Historiker und Publizist; ab 1977 einer der führenden Vertreter der Bewegung zur Verteidigung der Menschen- und Bürgerrechte (ROPCiO), ab 1979 Vorsitzender der Konföderation Unabhängiges Polen; Pseudonym: „Natalia Naruszewicz“.

Leszek Moczulski wurde 1930 in Warschau geboren. 1947/48 war er Mitglied der kommunistischen Jugendorganisation „Kampfbund der Jugend“ (Związek Walki Młodych; ZWM), 1948/49 trat er dann dem staatlichen Bund der Polnischen Jugend (Związek Młodzieży Polskiej; ZMP) bei. 1948 wurde er Mitglied der Polnischen Arbeiterpartei (Polska Partia Robotnicza; PPR) und blieb auch in deren Nachfolgepartei, der Polnischen Vereinigten Arbeiterpartei (Polska Zjednoczona Partia Robotnicza; PZPR), aus der er 1950 ausgeschlossen wurde. 1952 schloss er sein Jurastudium an der Universität Warschau ab.

Mitte der 50er Jahre fand Moczulski, wie er selbst berichtet, Anschluss an die sogenannte Unabhängigkeitsströmung.

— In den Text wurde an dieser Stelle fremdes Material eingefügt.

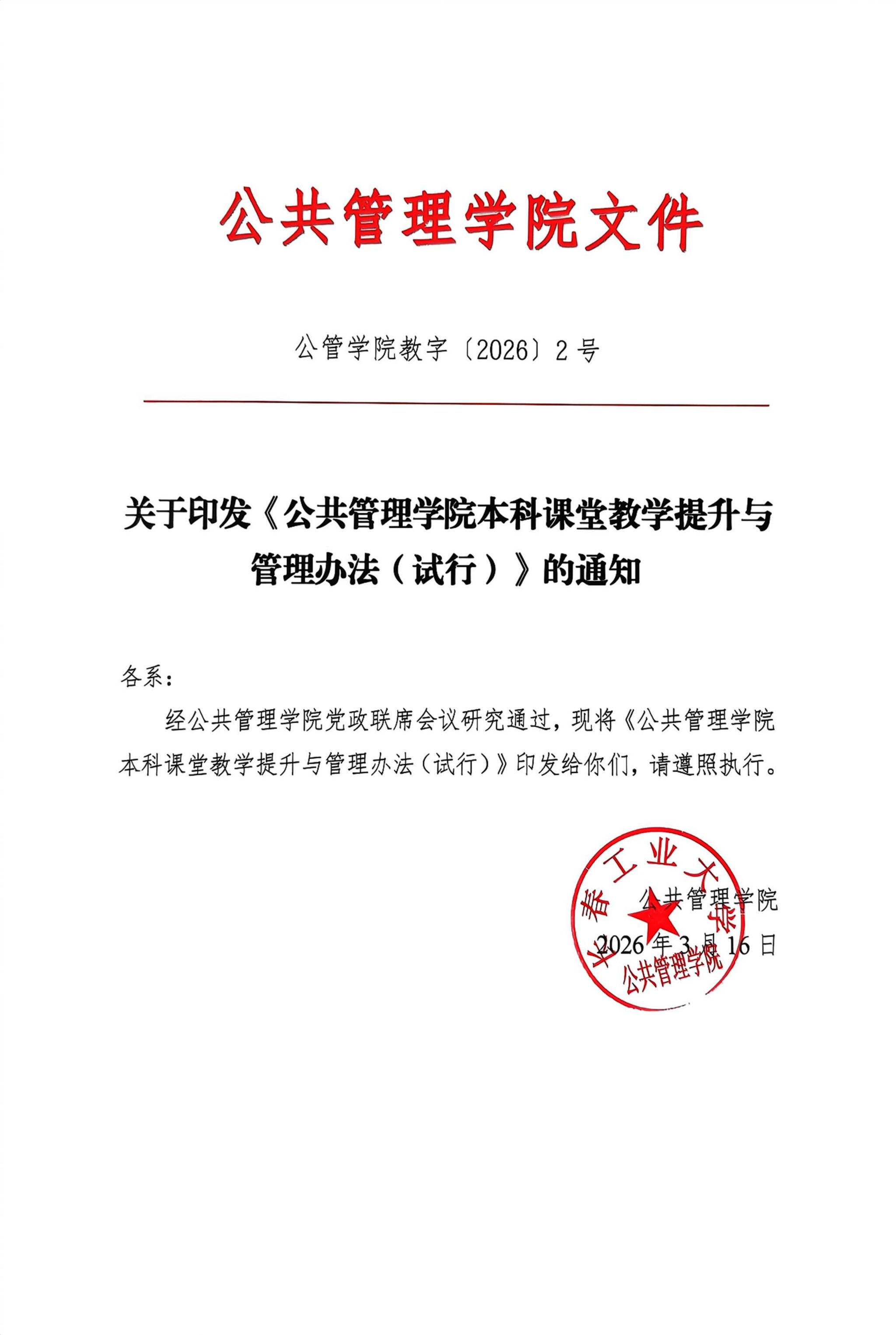 第一条 为落实立德树人根本任务,深化“新文科”建设,强化教学过程管理,全面提升本科课堂教学质量,结合学院专业特色与发展实际,特制定本办法。

Diese war eine konspirative Gruppe, die hauptsächlich aus ehemaligen Offizieren der Heimatarmee (Armia Krajowa; AK) bestand. Er arbeitete als Journalist unter anderem für die Zeitungen „Życie Warszawy“, „Wieś“ und „Dookoła Świata“. Auch mit der westlichen Presse pflegte er Kontakte, was 1957 zu seiner Verhaftung führte. Die Anklage lautete auf „Verleumdung der Staatsführung der Volksrepublik Polen im Ausland“, der Prozess endete 1958 jedoch mit einem Freispruch. Nach einigen Jahren Berufsverbot (in dieser Zeit schrieb er unter Pseudonym weiter) nahm er wieder seine normale Arbeit als Journalist auf. 1961–77 war er für die Wochenzeitschrift „Stolica“ tätig.

1972 veröffentlichte Moczulski sein Buch „Der polnische Krieg 1939“ (Wojna polska 1939), in dem er über die sowjetische Aggression gegen Polen am 17. September 1939 berichtete und die Maßnahmen der polnischen Staatsführung während des Verteidigungskrieges in Schutz nahm. Dieses Werk, das später von den Behörden aus den Bibliotheken und aus dem Buchhandel verbannt wurde, brachte ihm Anerkennung und Popularität in den oppositionell eingestellten Kreisen der Kriegsveteranen ein.

Moczulski war der wichtigste Verfasser des 1976 verkündeten „Programms 44“. Die darin dargelegten Forderungen nach Systemreformen und der Wiederherstellung von Rechtsstaatlichkeit waren Teil der Vorbereitungen zur Gründung einer oppositionellen Organisation, wie sie in Moczulskis Umfeld zu beobachten waren. In den Jahren 1977/78 gehörte er zum engen Führungszirkel der konspirativ agierenden Unabhängigkeitsströmung (Nurt Niepodległościowy). In der 1977 gegründeten Bewegung zur Verteidigung der Menschen- und Bürgerrechte (Ruch Obrony Praw Człowieka i Obywatela; ROPCiO) übernahm er neben Andrzej Czuma den Posten eines der beiden Sprecher. Zugleich war er Redakteur der unabhängigen Schrift „Opinia“ (Meinung).

Schon bald zeigte sich, dass ROPCiO für Moczulski lediglich eine Übergangsetappe auf dem Weg zur Gründung einer politischen Partei war. Einfluss darauf hatte auch sein Konflikt mit Andrzej Czuma, der in der Bewegung ebenfalls Führungsansprüche anmeldete. Auf dem gesamtpolnischen Treffen von ROPCiO im Juni 1978 in Zalesie Górne kam es dann zur Spaltung. Der seiner Funktion als Redakteur von „Opinia“ beraubte Moczulski gründete die Zeitschrift „Droga“ (Weg) und versammelte um sich die ihm gegenüber loyalen Weggefährten aus der Bewegung.